Additionally, as with every horsepower modification, increased engine torque output means increased stress on your transmission and other drivetrain components. Before you jump the gun and buy a big turbo kit for your ride, you should factor in all of the supporting modifications that will be necessary to keep your car running smoothly and reliably.
Also, keep in mind that modifying and installing internal engine components requires advanced mechanical expertise and a slew of specialized tools. To make sure everything bolts together properly, you'll want to have your turbocharged engine built by a reputable auto service shop.
Upgraded Pistons and Rings
You should first turn your attention to your pistons. They're responsible for compressing air and fuel in your engine while creating an airtight seal in the chamber. Once you start ramming pressurized air into the cylinder with a big turbocharger, your pistons are going to be the first component subjected to increased stress.
At the very least, you'll likely want to swap out your stock piston rings for a new aftermarket set that is designed to withstand increased pressure and heat. That will help ensure your pistons are able to maintain compression reliably.
To take it one step further, you'll want to consider upgraded pistons as well. A set of forged pistons are much stronger than stock ceramic units, meaning they'll be less prone to cracking under increased loads. Also consider switching to a set of low-compression pistons so that you can take full advantage of the big boost output offered by your large-diameter turbocharger without over-pressurizing the cylinder chambers.
Other Engine Internal Upgrades
Depending on your engine, you'll also want to consider upgrading your rods and crank bearings to forged units that are much stronger than your stock components. Nothing is worse than getting your new turbo kit all set up only to snap a rod in half and have it punch a hole in your engine block. That will require you to put in an entirely new engine and start from square one.
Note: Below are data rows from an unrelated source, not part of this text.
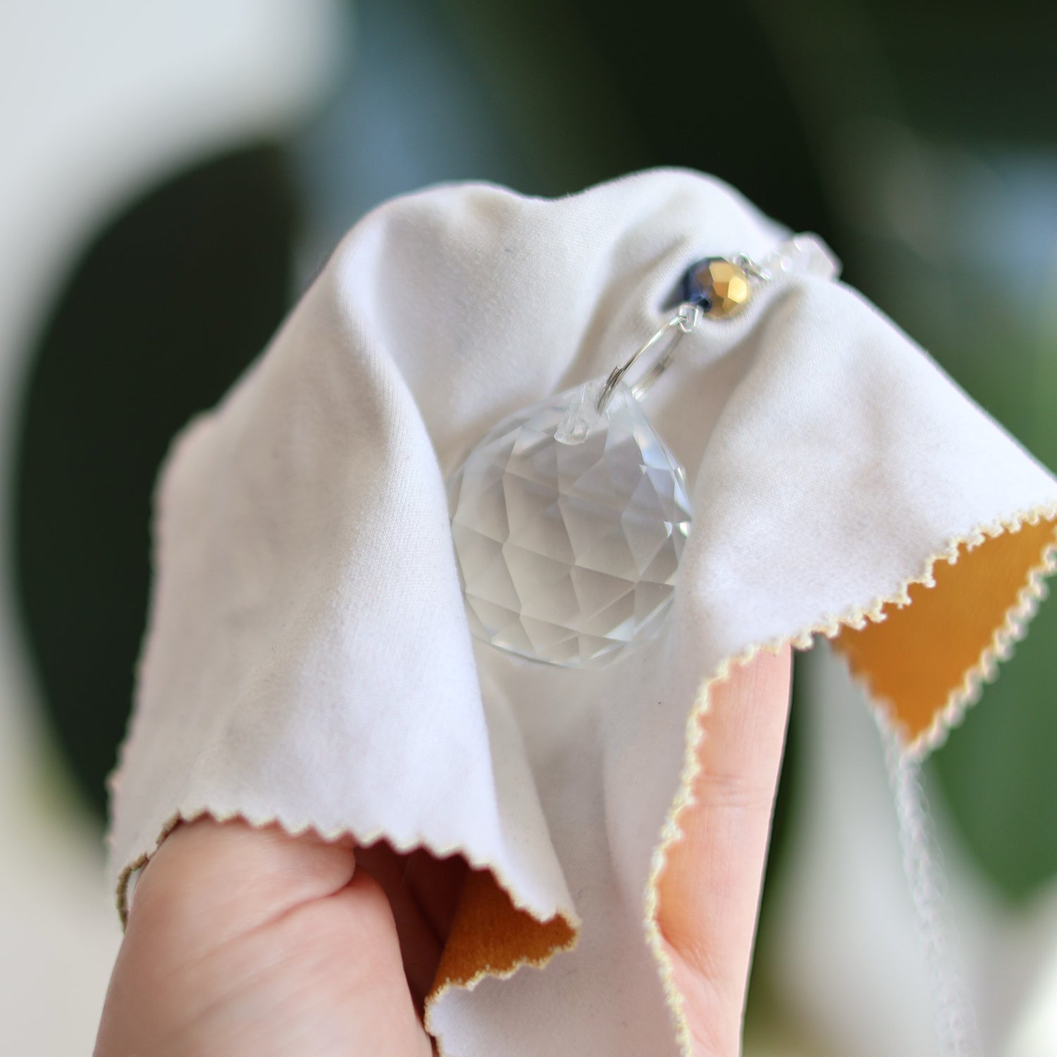 Hast du Fingerabdrücke an deinen Glaskristallen? Kein Problem! Mit einem weichen Microfasertuch, wie zum Beispiel einen Brillenputztuch und Fensterputztuch, kannst du diese ganz einfach von den Glaskristallen wegpolieren.
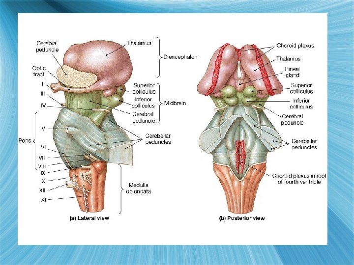 The Brain Stem s Three regions s The midbrain processes visual and auditory information and generates involuntary somatic motor responses. s Pons connects the cerebellum to the brain stem and is involved with somatic and visceral motor control s Medulla oblongata: connects to spinal cord relays sensory information and regulates autonomic functions.
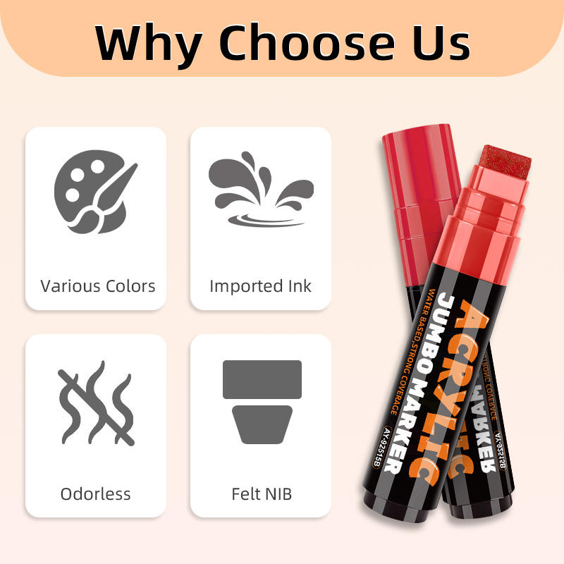 Pennarelli Jumbo in Acrilico Personalizzati Aiye Factory per Graffiti su Muri Esterni, Pittura Gigante POP Impermeabile, Pennarelli Argento Jumbo da 15MM
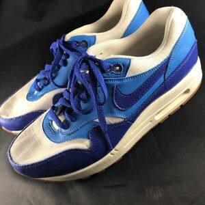 555284-105 Nike Air Max 1 Vintage Sail/Hyper Blue-Blitz Blue Gum Medium Brown
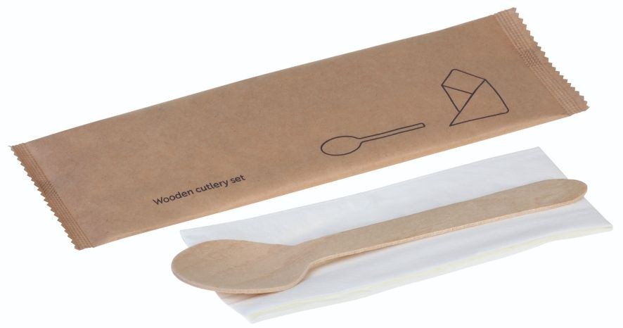 Træ, Sæt 2 dele, ske og serviet, FSC 100% - 250 stk krt*
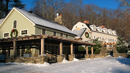Common Cypress shade arbor & porch on historic farmhouse in New York
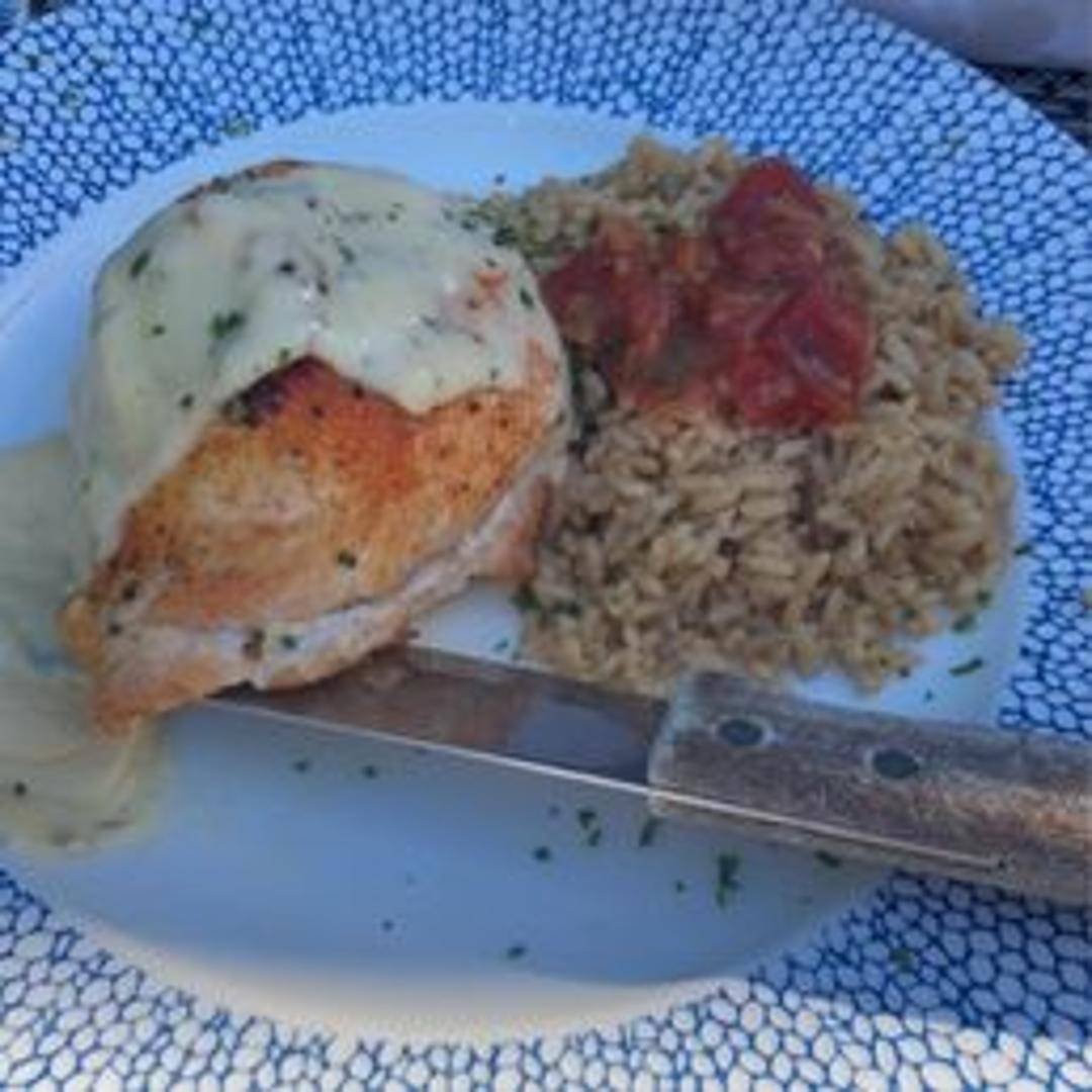 Pan-fried chicken breast topped with a creamy crab sauce, served with rice pilaf and asparagus.

Finally, consider upgrading the crankshaft itself to a forged unit to avoid warping and cracking under the increased loads created by your new turbocharger.
All of that power is useless if you can't transfer it to the wheels. That's what your transmission is responsible for. However, your stock transmission is designed to work with your engine's stock torque output. Massively increasing your torque numbers with a turbo can easily lead to a slipping clutch or torque converter, stripped transmission gears, and blown gaskets.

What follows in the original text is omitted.